In fact, not much of the film is actually spent watching Herb's team compete, until with thirty minutes left of film to go we reach the moment for which the movie is named. From there, we spend the rest of our seat time basking in the glory of one of the single most miraculous and significant games ever played in any sport in any era. The "Miracle" itself is filmed with grit and detail, with a look that screams of the decade in which it takes place. Miracle even goes so far as to use what sounds like it must be the original Al Michaels play by play from the event, as well as 1980's footage of commentators Michaels and Dryden on television setting the stage for America. This is a historical movie obsessed with detail and the pure beauty of playing hockey.

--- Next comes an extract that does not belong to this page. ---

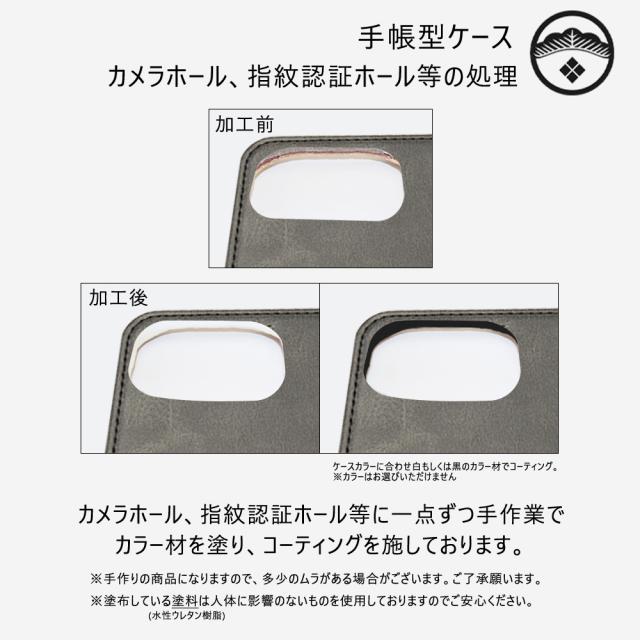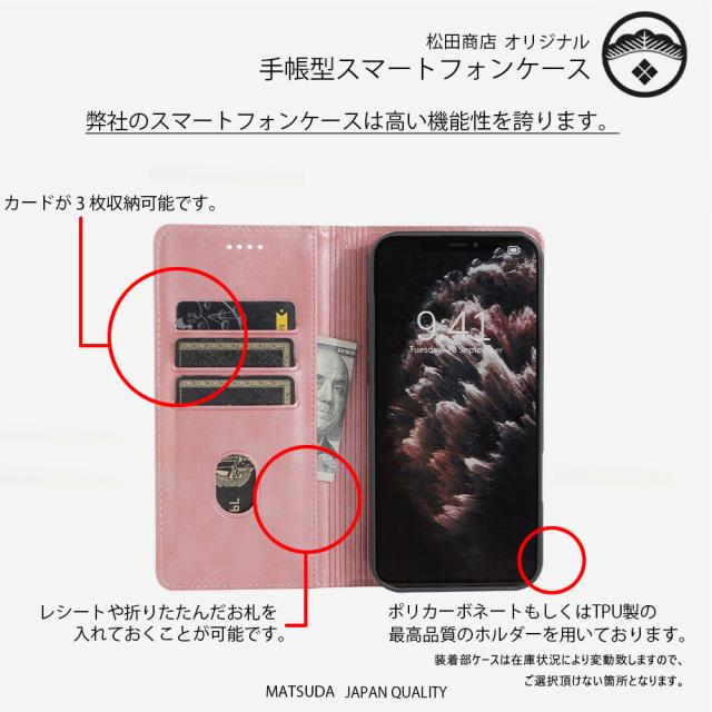 | 特徴 | 1.カメラホール ・カメラホール、指紋認証ホールなどに一点ずつ手作業で塗装し、コーティングしております。・手帳型ケースは厚みがあるため、スマホをテーブルや床おいてもレンズなどを傷つけません。 2.ケースのまま充電 ・QIワイヤレス充電に対応しておりますので、ケースのままワイヤレス充電が可能です。※機器の種類によりましては使用できません。 ・手帳型ケースを装着したまま、充電やイヤホンをすることがかのです。 ・写真撮影時にもケースをしたままお使いいただくことができます。 3.ストラップホールあり ・上側に一つストラップホールがあるので、普通ストラップ、ネックストラップやチエーンの装着が可能です。 4.カード収納 ・クレジットカード、または紙幣やレシート、定期、ポイントカード、名刺などが入れられる便利なポケット付き。 ※機種によってカード収納枚数が異なります。 ※本体の磁気の影響により、交通ICカードは使用できない場合はございます。 5.マグネット内蔵 ・マグネットが内蔵されているので、ケースをしっかりと固定することができ、バッグの中でも開く心配がありません。 6.操作簡単 ・手帳型カバーを装着したまま、イヤホンや充電などをすることが可能です。 | |||||

Kurt Russell is solid as terse coach Herb Brooks, right down to his historically accurate bad hair and nearly Canadian accent. What he doesn't do is overplay his character into another rampaging uber-coach, stomping around and flinging agitation across the screen. He does such a great job of keeping Brooks outwardly calculated and controlled, that emotion flies like daggers from his eyes as compensation. Inside Russell's Herb is a raging ball of fear, insecurity, and passion; outwardly he's a stoic, demanding unflinching excellence and self-sacrifice from his players. Players, who I might add, serve mainly as backdrop off of which Russell can react. That's almost fitting with Brooks's intensive emphasis on team first mentality. With a couple of slight exceptions (like goalie Jim Craig) the team is mostly a sea of faces, none more notable than the rest except when they come together as a cohesive whole on the ice.
In those final moments, when the Soviets seem on the edge of defeat, there's a beautiful shot in which one of Herb's players faces off at center ice yet again against Russia's best. He stares him down, like John Wayne glaring at the screen in one of his old Westerns, like the Lone Ranger mounting up to ride with Tonto. The camera slows as the puck drops, to give us a stunning look at two men simply staring each other down at center ice. A battle of wills and spirit in which desire and passion managed to win out over talent. That's what Miracle ends up being about. Don't mistake it for patriotic saber rattling. That's its historical context and an important one. But the story of Miracle has something far more poignant and interesting to say about a real group of people and the man who forged them into iron.
Miracle is sure to be utterly embraced by hockey fans, but I remain uncertain whether or not it'll prove a pleaser to the general movie crowd. The game footage itself is fast paced and unforgiving. It doesn't slow down to let those unfamiliar with the game catch up. Yet there's something compelling about Brooks determined story, which, even if you don't like hockey ought to be enough for Miracle's triumphant message to make sense.